Hi puppy, I feel for you, I'm sorry, yada yada, the usual sympathetic stuff.
To get to the point; I was in a similar hopeless situation, with hopeless people, with hopeless medical issues. (that obviously continue otherwise "hope" would have been applicable lol). I scraped my possessions together, made sure my income was secure and simply picked up and left. Sold what I could on facebook market place. Rented somewhere affordable and filled that with Ikea (and renovated the shithole I rented a bit).
If that had failed, I would've moved on to the next. I would ask you to look at your life as if it were a story. A book if you will. Currently you're in chapter "Everyone is using me". I urge you to start chapter "How I escaped my prison" and "Maybe I should change my name too."

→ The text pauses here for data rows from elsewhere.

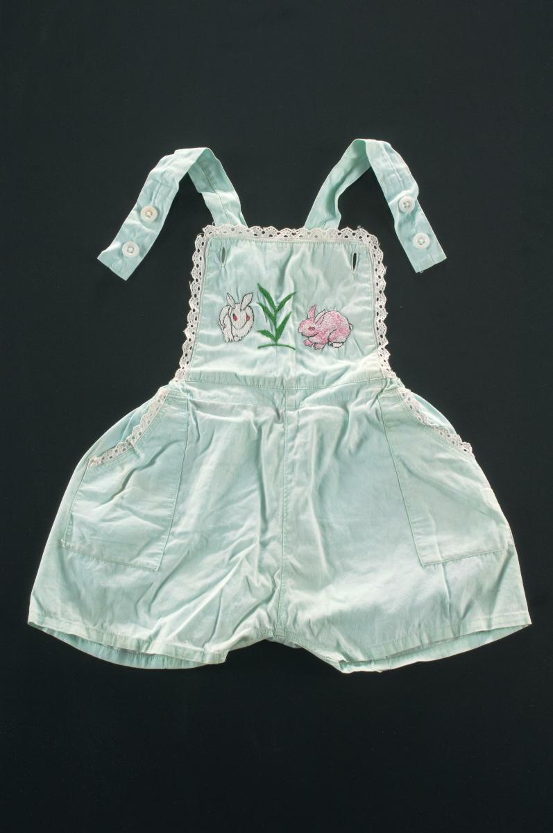 This is a green and pink band that was made for a child to wear.This artefact belonged to donor Ms. Angeline Lee Seow Luan’s mother, Mdm. Lim Hwee Luan, a skilful embroider and sewer who worked at the Capitol Embroidery and Dress-making School in the 1950s. With her skills, she embroidered various designs on clothes for her children. She also made her own wedding dress and cheongsam for her wedding. Most women in the 1950s and 1960s were good at sewing and embroidery work.
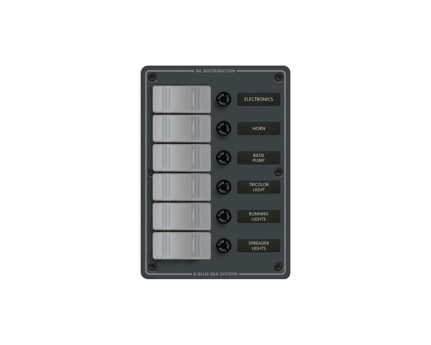 BLUE SEA Contura tableau à fusible 6 interrupteurs Installation sur le pont. Résistant aux embruns et à la pluie.
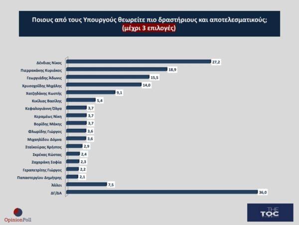 Στην πρώτη πεντάδα βρίσκονται ο Νίκος Δένδιας με 27.2%, ο Κυριάκος Πιερρακάκης με 18.9%, ο Άδωνις Γεωργιάδης με 15.5% , ο Μιχάλης Χρυσοχοίδης με 14% και ο Κωστής Χατζηδάκης με 9.1%.
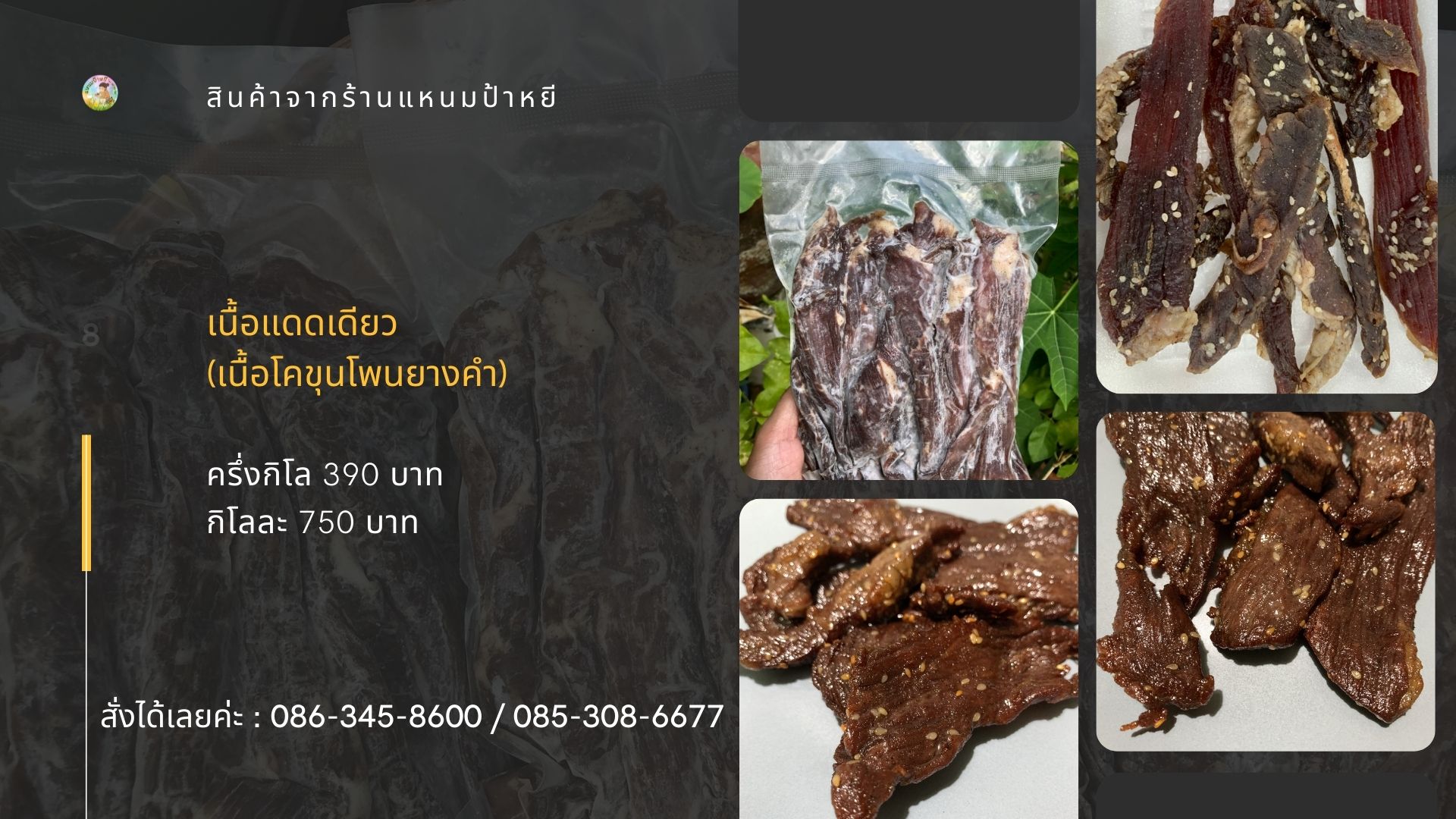 • เนื้อแดดเดียวโพนยางคำ เนื้ออย่างดี เนื้อคุณภาพ สั่งได้ค่ะ
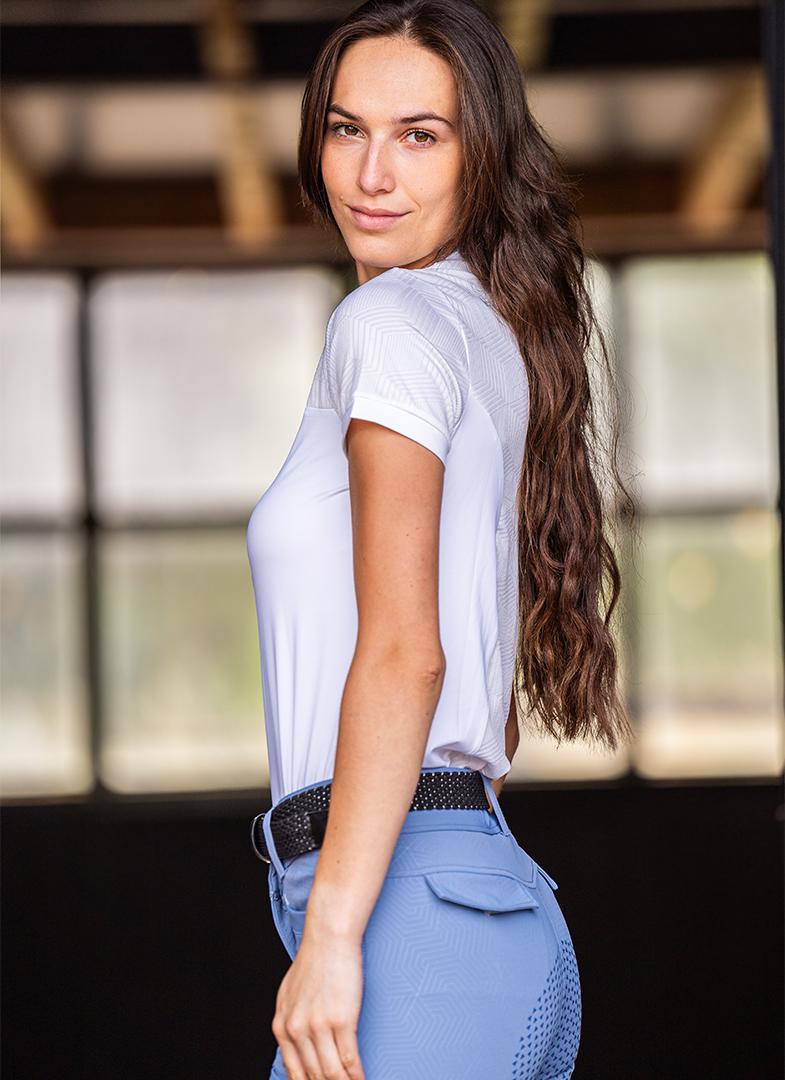 Mountain Horse Jewel Tech Top i et elegant feminin design, som er lavet i et kølende og hurtigtørrende materiale, der virker fugttransporterende.
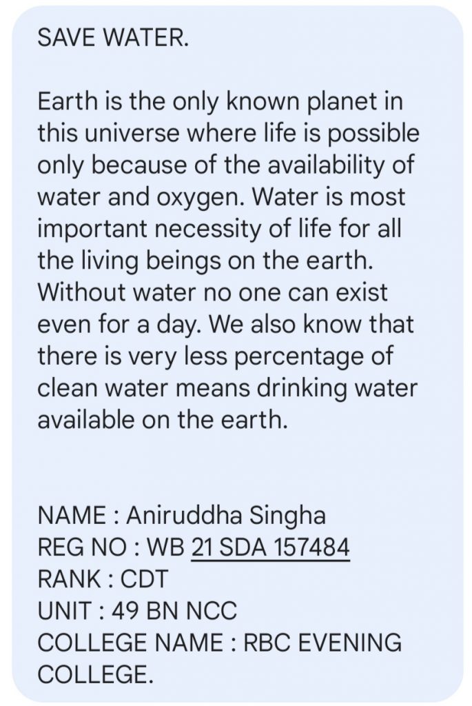 Name - Aniruddha Singha. Rank - Cadet. Reg. No - WB21SDA157484. College Name - RBC Evening College. Bat. Name - 49 Bengal NCC. Group - Kalyani.
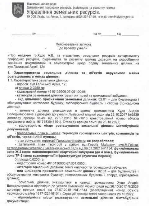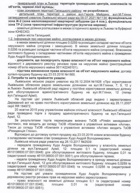 Вчора, 16 вересня, на сесії Львівської міської ради депутати надали львівському ресторатору Андрію Худі дозволу на поділ земельної ділянки на вул. Галицької Армії, 12 (колишня назва – вул. М. Глінки, 12) у Львові.

Sounds radical perhaps, but since you mentioned suicide (Mr. Trudeau is proud of you), what have you got to lose that you haven't already lost? Get out of your head and get out of that place man. Well observed = people might not help or respect you now. That is because I, and most, look at this and think "He chooses this" (That's the cold-hearted truth). If you managed to climb out of this pit you're in and surround yourself with people with a heart; you might be amazed as to how helpful people are to people that help themselves. I don't know how old you are, brother, and don't feel obligated to survive (I would've killed myself too if it was just a bit easier), but if you do survive, make life worth living? If not for yourself because you loathe yourself for allowing you to glide into the shit you are in, for us? As a leading example? I'm asking you to do a Houdini. If it fails, atleast you tried. I don't like this chapter you're stuck in, and neither do you, so do a magic trick and vanish.
If you don't plan to, explain to me why you choose to stay in this hellish situation. In detail. Make me understand. By making me understand, you will probably feel better for it too. Explain to me and yourself why vanishing isn't an option. (Or do it.) In both cases, you will find the answers you are looking for.